Si inizia a uccidere una persona quando si 'uccide' la sua dignità, la sua libertà, la sua personalità. Uno schiavo è certo una persona viva; ma che cos'è la sua vita senza libertà? Rendere un essere umano un oggetto, privarlo della sua libertà e della sua dignità equivale a iniziare a ucciderlo. Certe violazioni della persona o della personalità sono come l'inizio della morte. Quante persone che sono state nei lager nazisti hanno desiderato morire piuttosto che vivere in quella situazione.
Gesù ha radicalizzato questo discorso, dicendo che l’omicidio comincia molto prima di quando qualcuno viene ucciso, comincia quando qualcuno viene umiliato e insultato. Fare dell’altro il destinatario della nostra rabbia è iniziare a toglierli la vita.

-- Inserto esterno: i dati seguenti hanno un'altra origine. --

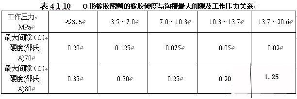 在橡膠材料標(biāo)準(zhǔn)中,以硬度和壓縮永久變形兩項性能最為主重。選擇壓縮變形較小的橡膠材料對密封性能是有利的,而硬度對于O形橡膠密封圈耐壓和抗擠又是至關(guān)重要的。根據(jù)國內(nèi)標(biāo)準(zhǔn)和實踐經(jīng)驗,橡膠在規(guī)定溫度下的壓縮永久變形最大不超過50%。而橡膠的硬度與密封工作壓力密切相關(guān),壓力越高,硬度也是越高;參見表4-1-11

Gesù ci insegna a guardare la persona, a identificare la vita con la persona e non solo con le sue funzioni vitali. Gesù vuole cambiarci, convertirci. Vuole farci vedere il prossimo in modo diverso, in modo da non arrivare più a desiderare di eliminarlo. E ci dice che l'ira che porta all'insulto e allo scherno nasce dalla stessa radice dell'omicidio, solo che i frutti sono più piccoli.

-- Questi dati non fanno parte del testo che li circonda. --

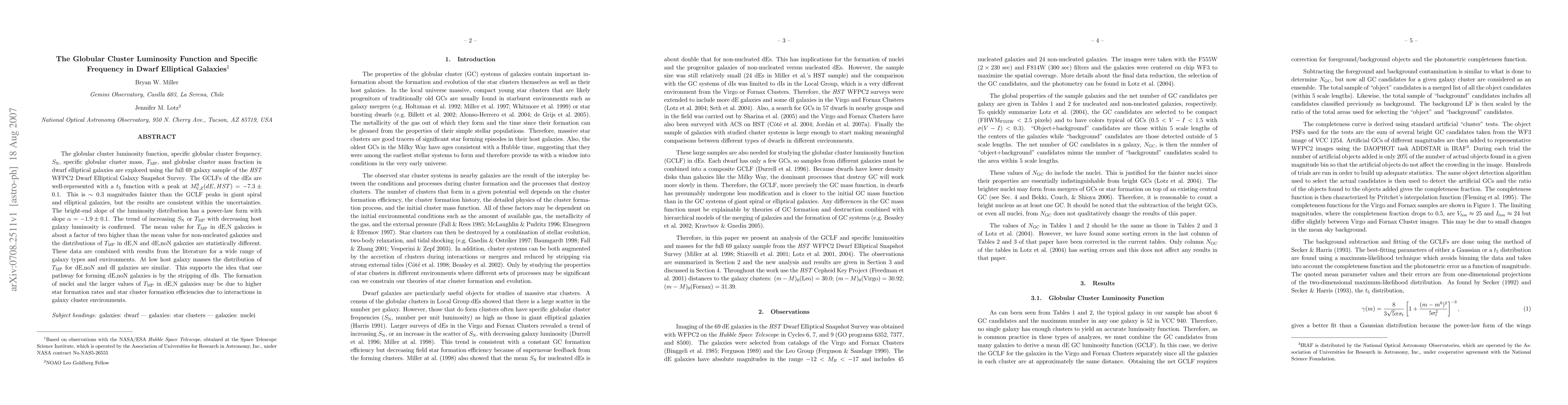 This study investigates the globular cluster luminosity function and specific frequency in dwarf elliptical galaxies using the HST WFPC2 survey, finding a GCLF peak fainter than in larger galaxies. It confirms a trend of increasing specific globular cluster mass with decreasing galaxy luminosity, supporting the stripping of dwarf irregular galaxies as a pathway for forming dwarf ellipticals without nuclei.

Parole attualissime, sia quelle del comandamento, sia quelle di Gesù. Perché l'essere umano non ha ancora imparato a non uccidere. Uccide ancora, continua a uccidere, in modi sempre più nascosti, sempre più sofisticati, oppure in modi feroci e devastanti come sempre, solo che oggi ha molta più potenza distruttiva a disposizione e la usa nelle guerre, ma anche nell'avvelenare acqua, terra e aria, nello sfruttare e affamare milioni di persone.

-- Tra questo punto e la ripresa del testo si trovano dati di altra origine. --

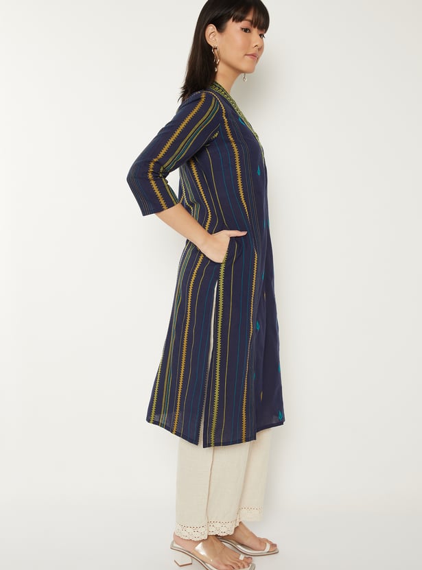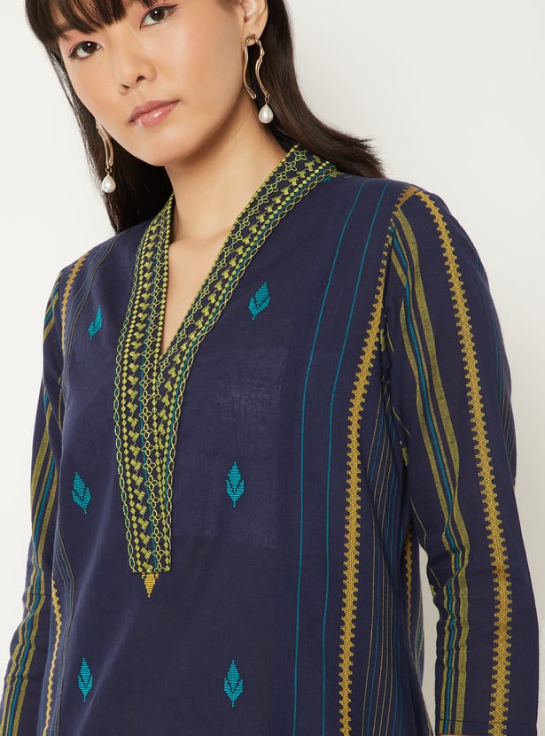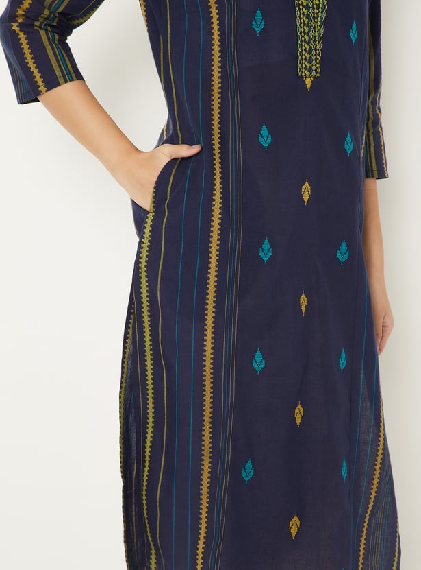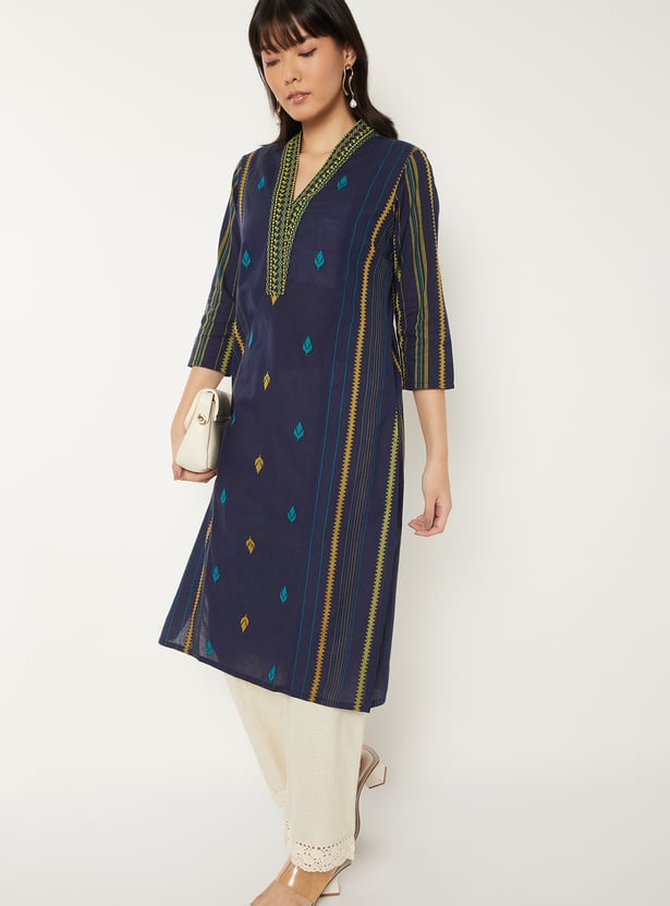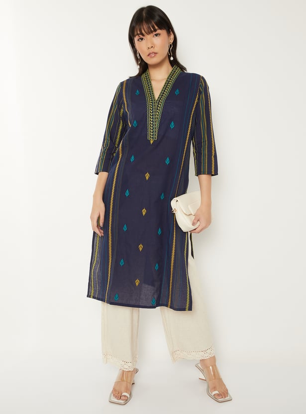Elevate your everyday style with this embroidered straight kurta, featuring a flattering V-neck, 3/4th sleeves, and side slits. Its elegant detailing and classic silhouette make it a versatile choice for both casual and festive wear.

Un’interpretazione ampia di questo comandamento l’ha data anche Martin Lutero, che nel suo Grande Catechismo ha scritto:

non pecca contro questo comandamento solo chi fa del male, ma anche chi può fare del bene al suo prossimo … e non lo fa. Se tu dunque lasci andare una persona nuda, mentre potresti vestirla, l'hai fatta assiderare; se vedi qualcuno che ha fame e non lo nutri, l'hai fatto morire di fame. Così ancora: se vedi qualcuno condannato a morte o in analoga emergenza e, conoscendone i mezzi e i modi, non lo salvi, l'hai ucciso. E non ti servirà, come scusa, il fatto che tu non abbia fatto nulla per condurlo in quella situazione, né contribuito a ciò con consiglio o azione; infatti tu gli ha negato l'amore e l'hai derubato della buona azione mediante la quale sarebbe rimasto in vita”
(Martin Lutero, Grande Catechismo, Claudiana, Torino, 1998, p. 179)

Non è sufficiente non ammazzare nessuno per rispettare questo comandamento, ma è necessario contrastare le pratiche di morte che ci sono nella nostra società, intanto cercando di non diventarne complici e poi opponendoci a esse con la forza che ci è data, come cittadini e come credenti.